Music

Bio Warfare

Why did Neil Young try to squelch Shakey?

Shakey, a 786-page biography of Neil Young that’s just been published, almost wasn’t. For that reason, it serves as an apt metaphor for the way Neil Young has conducted his business for the past 35 years.

Its origins can be traced to 1989, when author Jimmy McDonough interviewed Young for the Village Voice and proceeded to browbeat him for not throwing down musically during the ‘80s. Young, in typically perverse fashion, opened up to McDonough. The free-lancer was in. Young hired him to write the liner notes to his hulking, multi-disc compilation Archives—a project that has yet to be completed—and McDonough, in turn, floated the idea of writing an authorized biography.

McDonough became a card-carrying member of Young’s secret society of musicians, ranch hands, obsessive fans-turned-employees, and other enablers that have allowed Young to function with a capricious and often crass disregard for anything other than his own twisted whims. That’s no small feat. I recall trying to interview Crazy Horse guitarist Frank “Poncho” Sampedro in the early ‘90s for a Young profile I was writing. Sure, he said, but let me check with Neil first. I got a call back: Sorry, no go. Neil had gotten to him.

It took McDonough a decade to write the book, during which time he chased Young for interviews the way the young rock journalist in Almost Famous tries to buttonhole Stillwater for a sit-down. In 1998 Young decided to put the kibosh on the project and cut off McDonough’s access. McDonough plunged ahead and completed the book two years later. Young in turn tried to block publication of the book, prompting McDonough to sue him for $1.8 million. After considerable legal chest-heaving on both sides, Young eventually backed off.

Is this a book worth suing over? Not exactly. McDonough never suggests any serious criminal malfeasance. Young did have a tequila problem in the mid-’70s, smoked and snorted like everyone else, endured some nasty breakups, and laid some bad emotional trips on those closest to him. But it’s banal rock-star stuff, certainly nothing his fans don’t know.

Yet, as McDonough enumerates in painstaking detail, Young the rock star wields control obsessively, and that, more than anything else, may explain why he tried to spike the book. This is a man who will ruthlessly punish those who don’t bend to his will. Drummer Kenny Buttrey tells McDonough that, during one tour in the early ‘70s, Young made him play so hard, with oversized sticks—vengeance, apparently, for an exorbitant salary request—that a pool of blood began to amass on his snare. Young fired him shortly thereafter. There are lots of anecdotes like that in Shakey, and despite Young’s well-known rep for heartlessness, they’re chilling to read.

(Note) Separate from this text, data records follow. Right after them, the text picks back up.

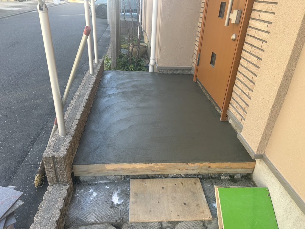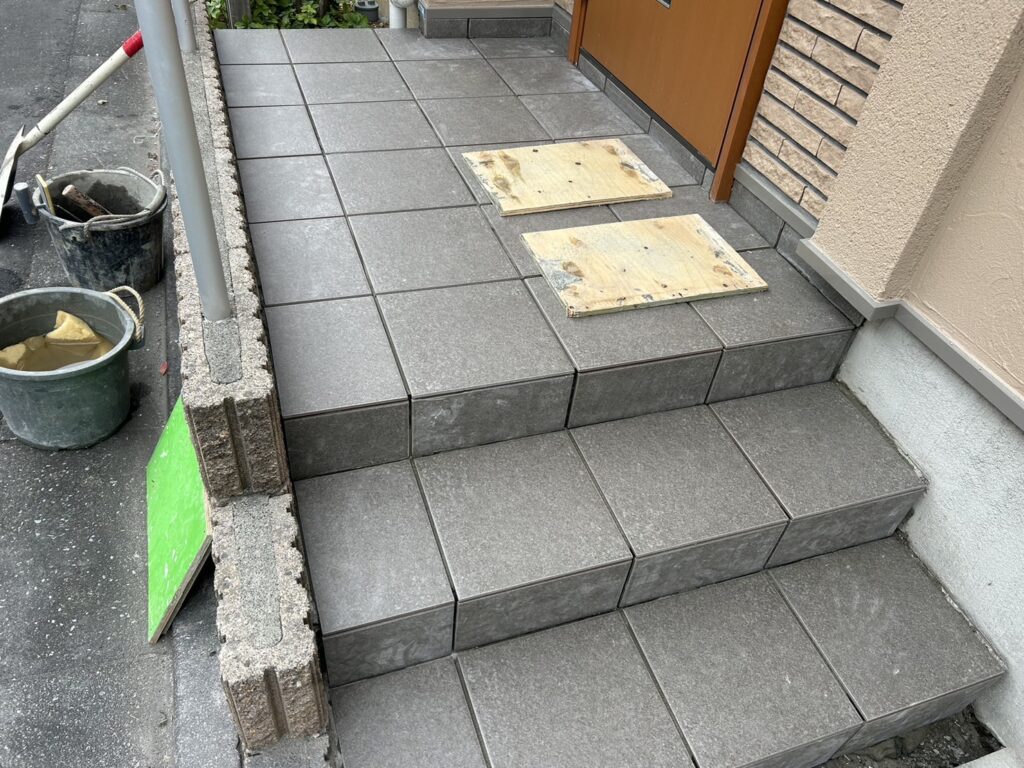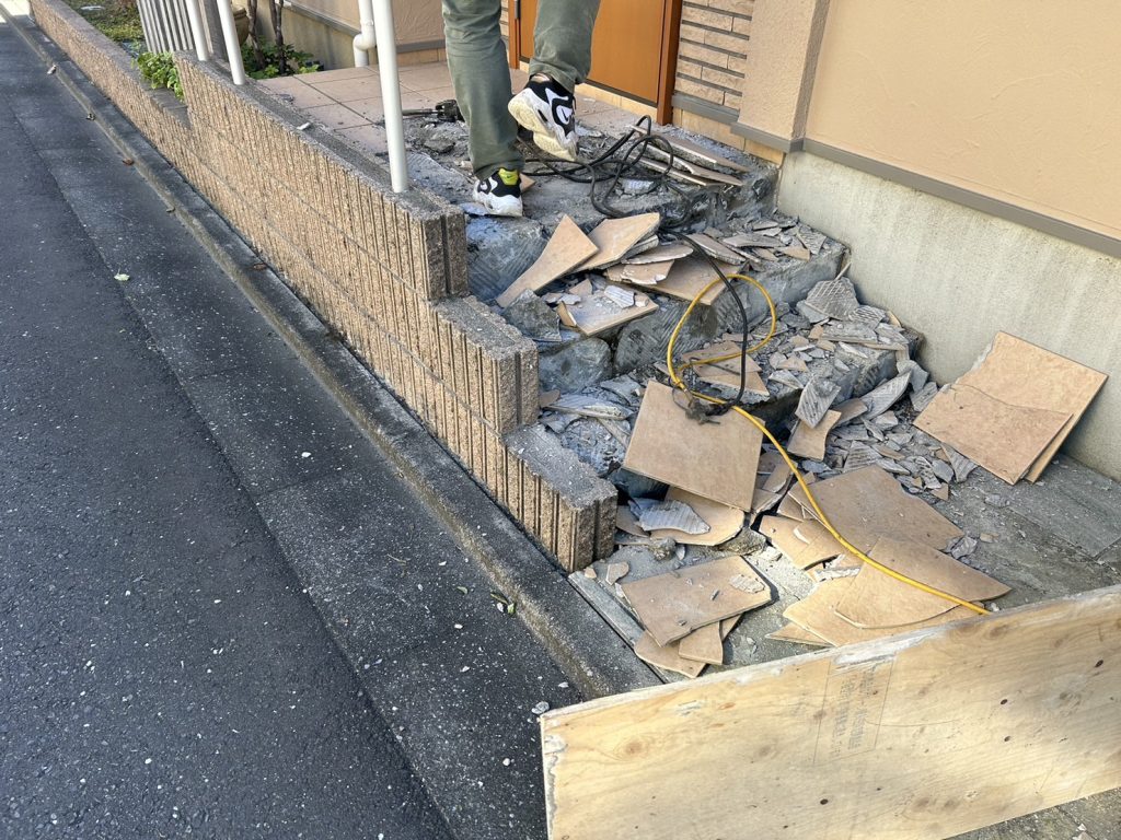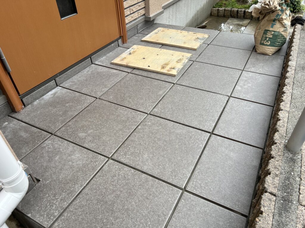 玄関の下地モルタル塗りの次にタイルを張っていきます。
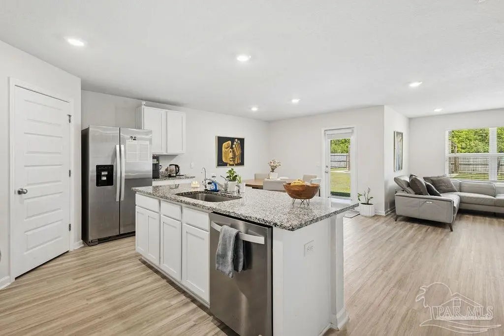 Located in the desirable Saddlebrook Estates community in Chumuckla, this 2023-built home sits on a spacious 1-acre corner lot, offering the perfect blend of newer construction and functional country living. This 4-bedroom, 2-bath home features 1,787 square feet with a well-designed layout and a 2-car garage. Inside, you’ll find LVP flooring throughout, creating a seamless, low-maintenance flow across the entire home. Step outside and the property really shines—fully fenced with a covered concrete sitting area, plus an additional circular concrete firepit space designed for gathering, hosting, and enjoying the setting. Gutters are already in place, and a concrete pad off the cul-de-sac area adds even more versatility for parking, storage, or future use. Serviced by Chumuckla Water and EREC utilities, and positioned in one of the area’s most sought-after locations, this property checks the boxes for buyers looking for space, functionality, and a newer home without the wait.
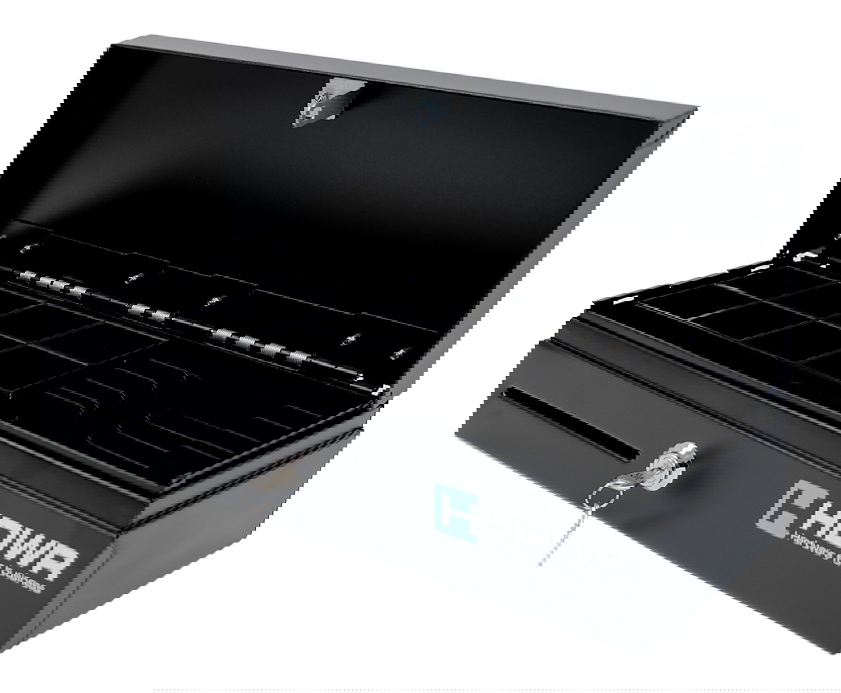 Die abschließbare Geldkassette securePRO-460S mit länglicher Form wurde aus dickem, kaltgewalztem Stahl gefertigt, was außergewöhnliche Langlebigkeit und Sicherheit der aufbewahrten Gelder gewährleistet. Die solide Konstruktion garantiert Widerstandsfähigkeit gegen Beschädigungen, und die elegante Ausführung in Schwarz mit silbernem Deckel, der von oben geöffnet wird, sorgt dafür, dass die Kassette in jedem Verkaufspunkt hervorragend aussieht. Eine ideale Lösung für Orte, an denen täglich große Mengen Bargeld verarbeitet werden.
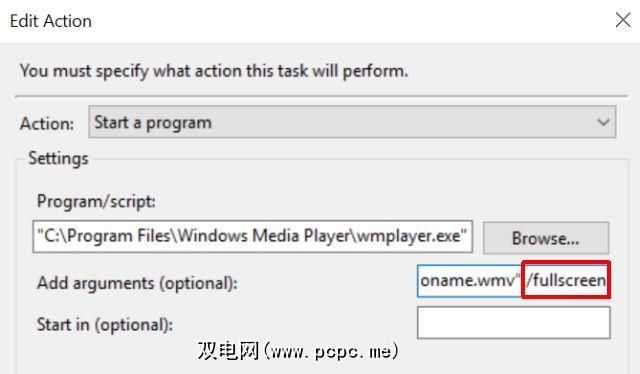 执行此操作的一种方法与上面的音频计划任务完全相同,但使用全屏选项: wmplayer “ c:\ videoname.wmv" / fullscreen

Shakey is a curious hybrid: part hagiography, part laundry list of perfidy. As the book makes abundantly clear, Young has always been at war with his own impulses. He’s a ferociously ambitious artist who lives capriciously. He started out as a frail, polio-stricken fan of Little Richard and the Shadows’ Hank Marvin living in a rural Canadian outpost where American records were hard to come by. His father was a popular journalist, his mother a tough-love matriarch. They divorced, and Young drifted into bands, but with his own interests at heart: He insisted that his first professional band, the Squires, rename itself “Neil Young and the Squires” when they started gigging.

From there, Shakey documents Young’s near-pathological need to sabotage bands, projects, tours, relationships. His first great record, “Expecting to Fly,” a haunting orchestral swoon recorded with producer Jack Nitzsche, was recorded while Young was apparently in a band, Buffalo Springfield, yet no other members participated. Instead of following up his first number-one album—the lulling, countryfied Harvest—with something like-minded, Young released three gloriously messed-up albums in succession, including 1975’s Tonight’s the Night, an ominous evocation of spiritual dissipation recorded in a dilapidated rehearsal space under the influence of mucho Cuervo Gold.

It’s not the best way to build a career, and it’s been wearing on both Young and his fellow travelers, who do their fair share of kvetching in the book. Young himself, in a series of stand-alone interviews in the book, is surprisingly inarticulate about his own motivations, but a psychologist might diagnose it as classic passive-aggressive behavior. Ultimately, what emerges is a portrait of an inscrutable artist plunging ahead with little forethought, turning out music that is by turns brilliant and desultory. Young may have jettisoned lots of folks along the way, but he’s never sacrificed integrity on the altar of commerce. And that’s why we still listen.